(ENTRIES SUPPLIED)

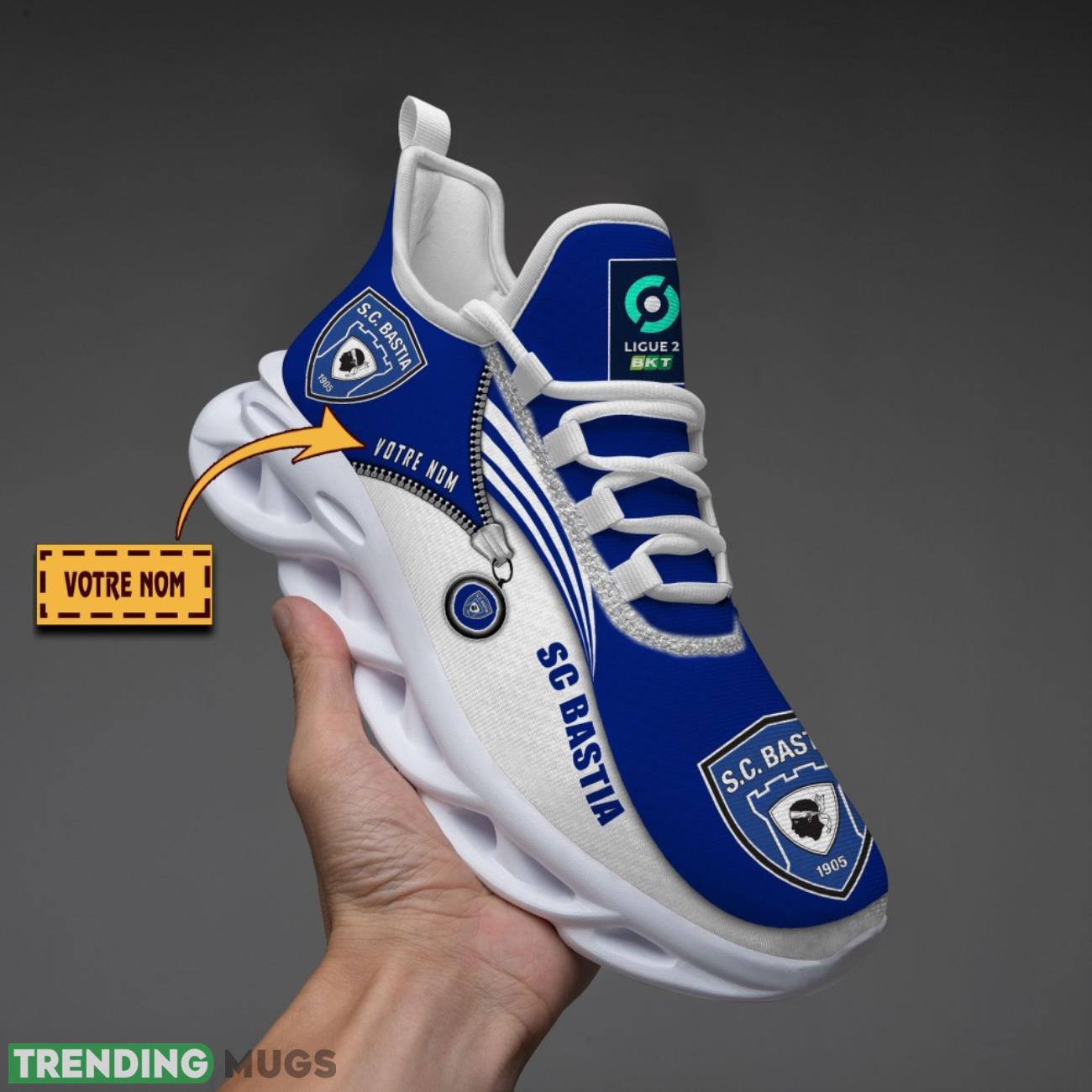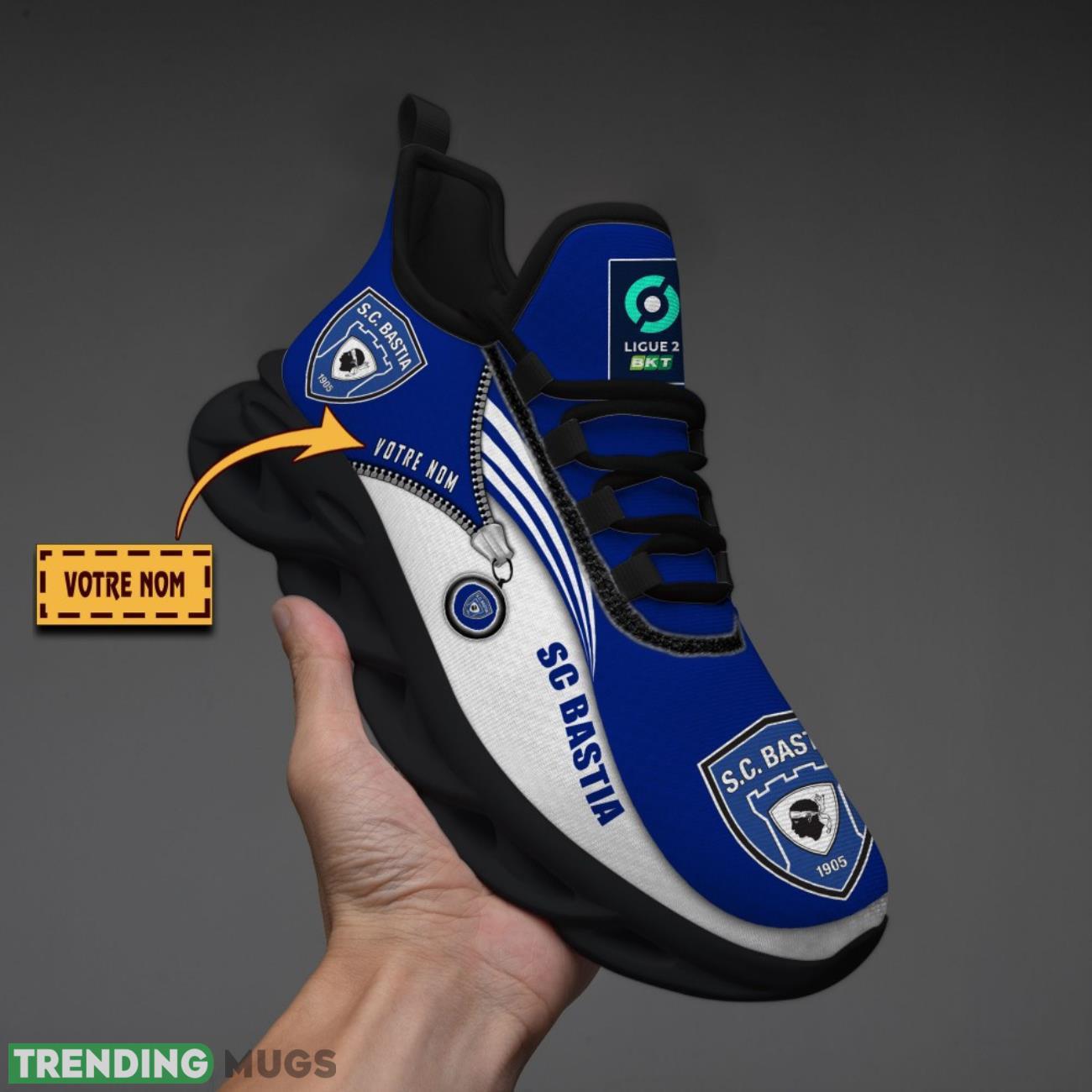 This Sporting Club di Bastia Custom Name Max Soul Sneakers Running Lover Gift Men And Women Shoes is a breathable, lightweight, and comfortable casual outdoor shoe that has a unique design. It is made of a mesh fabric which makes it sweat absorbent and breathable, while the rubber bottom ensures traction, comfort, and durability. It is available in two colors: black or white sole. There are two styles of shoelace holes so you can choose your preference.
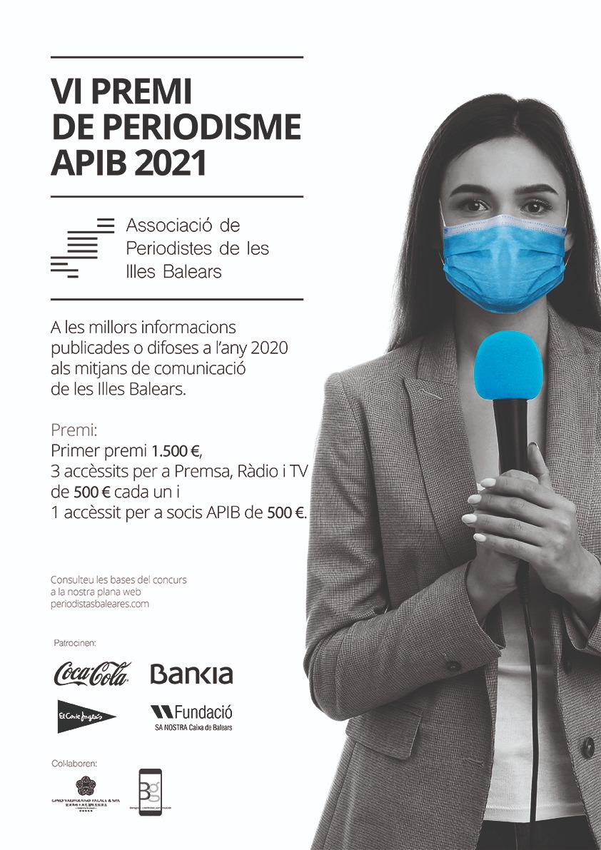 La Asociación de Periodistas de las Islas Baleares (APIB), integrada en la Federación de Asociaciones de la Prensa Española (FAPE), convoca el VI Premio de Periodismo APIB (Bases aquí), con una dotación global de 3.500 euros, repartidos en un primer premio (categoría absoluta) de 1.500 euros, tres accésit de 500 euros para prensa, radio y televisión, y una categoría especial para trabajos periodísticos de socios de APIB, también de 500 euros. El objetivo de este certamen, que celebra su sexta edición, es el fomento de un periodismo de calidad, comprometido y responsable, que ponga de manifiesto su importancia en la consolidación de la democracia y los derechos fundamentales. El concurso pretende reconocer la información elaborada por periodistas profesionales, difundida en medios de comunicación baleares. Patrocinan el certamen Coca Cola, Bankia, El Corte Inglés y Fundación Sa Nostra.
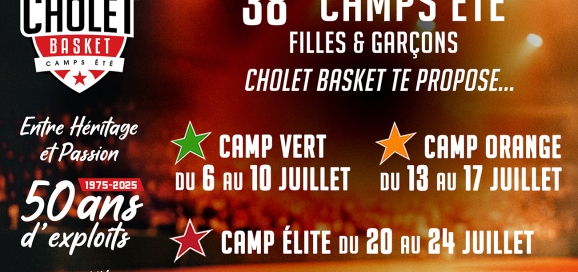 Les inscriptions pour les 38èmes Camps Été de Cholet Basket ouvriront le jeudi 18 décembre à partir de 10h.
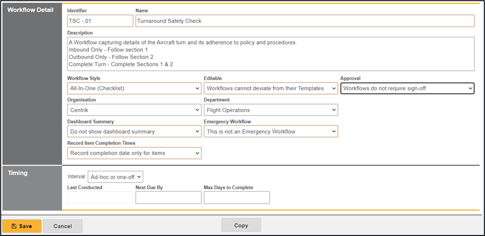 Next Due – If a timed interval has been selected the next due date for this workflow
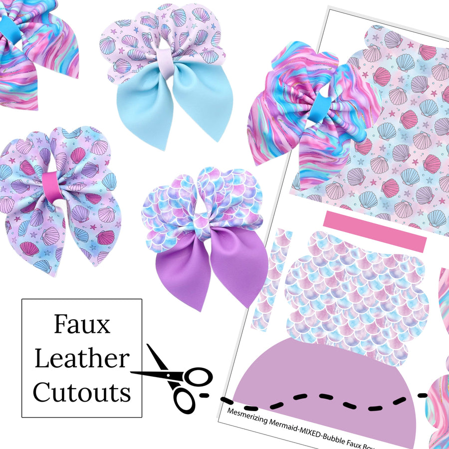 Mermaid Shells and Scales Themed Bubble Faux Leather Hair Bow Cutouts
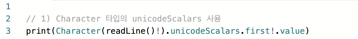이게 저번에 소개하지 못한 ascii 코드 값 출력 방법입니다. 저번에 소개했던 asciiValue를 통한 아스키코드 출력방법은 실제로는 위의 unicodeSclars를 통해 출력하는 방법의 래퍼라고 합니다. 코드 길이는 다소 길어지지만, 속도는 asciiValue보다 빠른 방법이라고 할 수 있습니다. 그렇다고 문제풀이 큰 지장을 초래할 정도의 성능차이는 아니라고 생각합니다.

(End ENTRIES SUPPLIED)
(ENTRIES SUPPLIED)

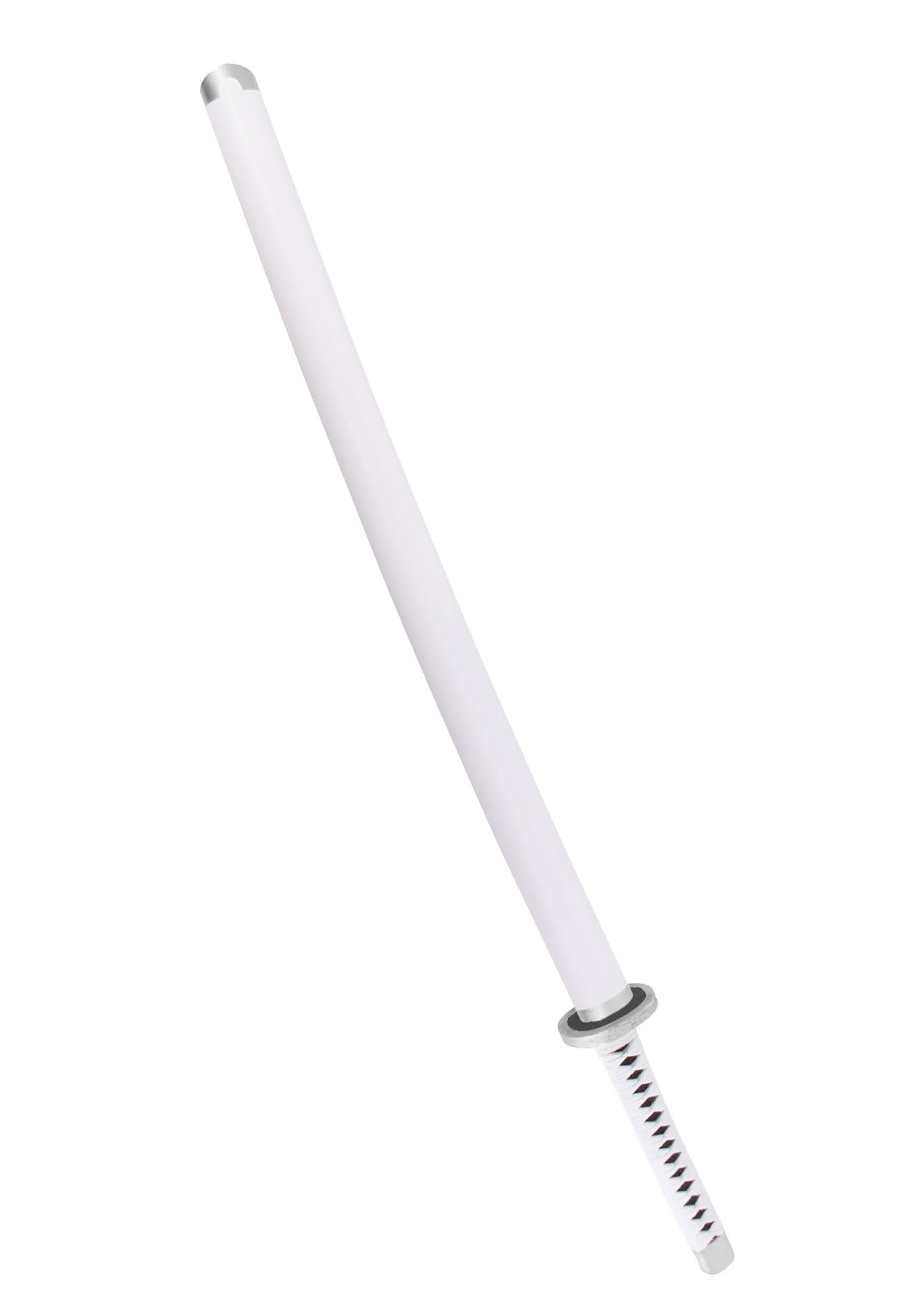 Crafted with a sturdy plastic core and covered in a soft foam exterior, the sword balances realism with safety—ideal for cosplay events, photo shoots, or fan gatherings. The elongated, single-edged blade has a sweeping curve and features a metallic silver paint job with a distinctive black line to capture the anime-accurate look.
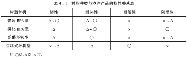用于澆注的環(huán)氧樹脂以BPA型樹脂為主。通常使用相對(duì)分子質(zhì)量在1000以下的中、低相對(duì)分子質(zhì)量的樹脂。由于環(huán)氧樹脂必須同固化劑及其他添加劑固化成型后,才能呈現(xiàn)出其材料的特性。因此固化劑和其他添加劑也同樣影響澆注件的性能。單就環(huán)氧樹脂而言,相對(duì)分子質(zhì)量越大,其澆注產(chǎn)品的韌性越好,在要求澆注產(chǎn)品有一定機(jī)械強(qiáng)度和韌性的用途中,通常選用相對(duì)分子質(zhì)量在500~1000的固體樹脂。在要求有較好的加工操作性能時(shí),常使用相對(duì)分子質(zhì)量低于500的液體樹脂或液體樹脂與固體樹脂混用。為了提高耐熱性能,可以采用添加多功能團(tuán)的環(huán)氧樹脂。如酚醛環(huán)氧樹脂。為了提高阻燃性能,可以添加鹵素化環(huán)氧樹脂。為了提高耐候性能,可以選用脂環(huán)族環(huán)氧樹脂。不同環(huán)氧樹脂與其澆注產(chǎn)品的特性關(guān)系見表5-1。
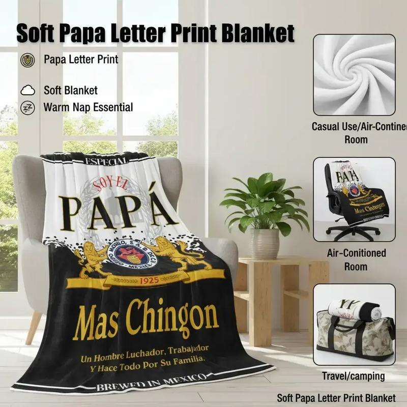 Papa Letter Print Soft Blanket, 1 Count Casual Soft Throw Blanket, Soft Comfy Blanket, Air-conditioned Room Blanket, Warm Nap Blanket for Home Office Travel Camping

(End ENTRIES SUPPLIED)
(ENTRIES SUPPLIED)

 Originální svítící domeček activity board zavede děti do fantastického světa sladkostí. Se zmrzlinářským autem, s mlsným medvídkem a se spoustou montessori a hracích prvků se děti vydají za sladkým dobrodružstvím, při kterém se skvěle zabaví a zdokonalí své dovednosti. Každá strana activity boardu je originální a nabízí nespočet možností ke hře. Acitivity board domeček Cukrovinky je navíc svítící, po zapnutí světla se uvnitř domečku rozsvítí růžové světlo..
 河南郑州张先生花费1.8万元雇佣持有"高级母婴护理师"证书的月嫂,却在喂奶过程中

(End ENTRIES SUPPLIED)

Starting at the line with "This Sporting Club" in the entries above, write out every line exactly until the line with "Les inscriptions pour" has been written. Include no pictures and nothing more.

 This Sporting Club di Bastia Custom Name Max Soul Sneakers Running Lover Gift Men And Women Shoes is a breathable, lightweight, and comfortable casual outdoor shoe that has a unique design. It is made of a mesh fabric which makes it sweat absorbent and breathable, while the rubber bottom ensures traction, comfort, and durability. It is available in two colors: black or white sole. There are two styles of shoelace holes so you can choose your preference.
 La Asociación de Periodistas de las Islas Baleares (APIB), integrada en la Federación de Asociaciones de la Prensa Española (FAPE), convoca el VI Premio de Periodismo APIB (Bases aquí), con una dotación global de 3.500 euros, repartidos en un primer premio (categoría absoluta) de 1.500 euros, tres accésit de 500 euros para prensa, radio y televisión, y una categoría especial para trabajos periodísticos de socios de APIB, también de 500 euros. El objetivo de este certamen, que celebra su sexta edición, es el fomento de un periodismo de calidad, comprometido y responsable, que ponga de manifiesto su importancia en la consolidación de la democracia y los derechos fundamentales. El concurso pretende reconocer la información elaborada por periodistas profesionales, difundida en medios de comunicación baleares. Patrocinan el certamen Coca Cola, Bankia, El Corte Inglés y Fundación Sa Nostra.
 Les inscriptions pour les 38èmes Camps Été de Cholet Basket ouvriront le jeudi 18 décembre à partir de 10h.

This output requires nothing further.